Once you find the line below that has "Foto 3: Aluno", output it and every line after it exactly, stopping after the line that has "Еще одной важной", with no pictures.

Source data:
---

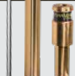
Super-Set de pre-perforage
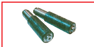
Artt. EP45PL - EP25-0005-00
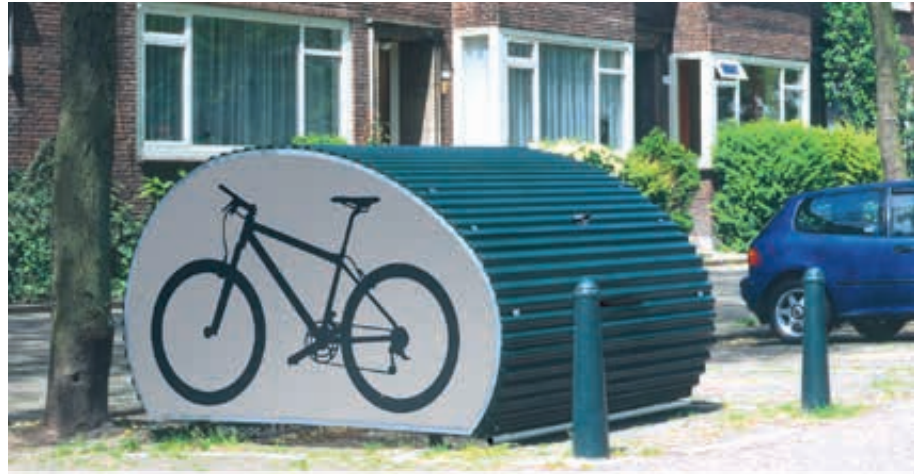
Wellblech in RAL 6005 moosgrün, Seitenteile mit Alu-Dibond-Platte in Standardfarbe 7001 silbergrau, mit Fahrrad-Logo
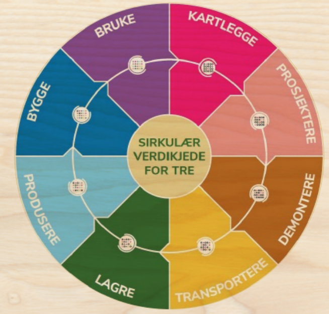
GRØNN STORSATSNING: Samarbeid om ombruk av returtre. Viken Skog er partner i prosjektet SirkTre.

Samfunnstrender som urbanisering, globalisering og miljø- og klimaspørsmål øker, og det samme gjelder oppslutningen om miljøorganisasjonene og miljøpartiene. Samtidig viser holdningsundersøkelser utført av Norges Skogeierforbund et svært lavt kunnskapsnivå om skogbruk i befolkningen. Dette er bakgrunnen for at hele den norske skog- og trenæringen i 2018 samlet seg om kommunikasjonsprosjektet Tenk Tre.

---

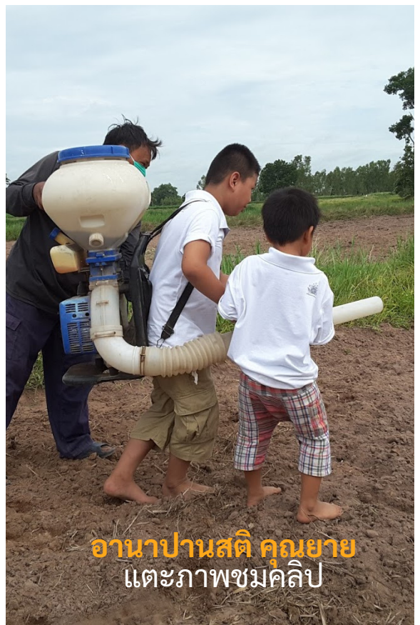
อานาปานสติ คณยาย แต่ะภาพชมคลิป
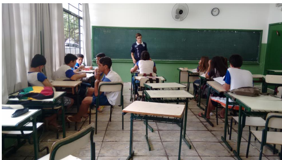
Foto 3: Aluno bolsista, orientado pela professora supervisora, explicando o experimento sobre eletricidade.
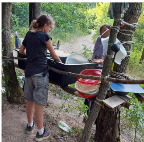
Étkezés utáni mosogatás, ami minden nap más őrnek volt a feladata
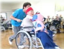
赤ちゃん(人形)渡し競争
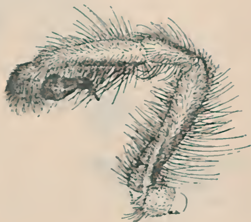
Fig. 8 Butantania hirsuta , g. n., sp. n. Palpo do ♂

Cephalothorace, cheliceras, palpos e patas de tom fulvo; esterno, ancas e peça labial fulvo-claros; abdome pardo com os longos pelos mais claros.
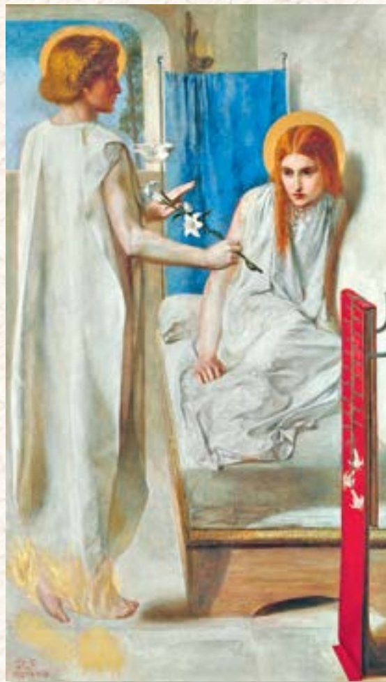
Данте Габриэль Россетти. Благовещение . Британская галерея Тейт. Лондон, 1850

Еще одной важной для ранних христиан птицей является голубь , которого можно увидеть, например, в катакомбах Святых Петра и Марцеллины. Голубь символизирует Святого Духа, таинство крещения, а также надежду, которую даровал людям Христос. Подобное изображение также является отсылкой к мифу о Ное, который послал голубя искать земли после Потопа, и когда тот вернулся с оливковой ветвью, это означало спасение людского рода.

---

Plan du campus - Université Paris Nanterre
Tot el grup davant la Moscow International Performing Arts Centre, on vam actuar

---

Completed exercise:
Foto 3: Aluno bolsista, orientado pela professora supervisora, explicando o experimento sobre eletricidade.
Étkezés utáni mosogatás, ami minden nap más őrnek volt a feladata
赤ちゃん(人形)渡し競争
Fig. 8 Butantania hirsuta , g. n., sp. n. Palpo do ♂

Cephalothorace, cheliceras, palpos e patas de tom fulvo; esterno, ancas e peça labial fulvo-claros; abdome pardo com os longos pelos mais claros.
Данте Габриэль Россетти. Благовещение . Британская галерея Тейт. Лондон, 1850

Еще одной важной для ранних христиан птицей является голубь , которого можно увидеть, например, в катакомбах Святых Петра и Марцеллины. Голубь символизирует Святого Духа, таинство крещения, а также надежду, которую даровал людям Христос. Подобное изображение также является отсылкой к мифу о Ное, который послал голубя искать земли после Потопа, и когда тот вернулся с оливковой ветвью, это означало спасение людского рода.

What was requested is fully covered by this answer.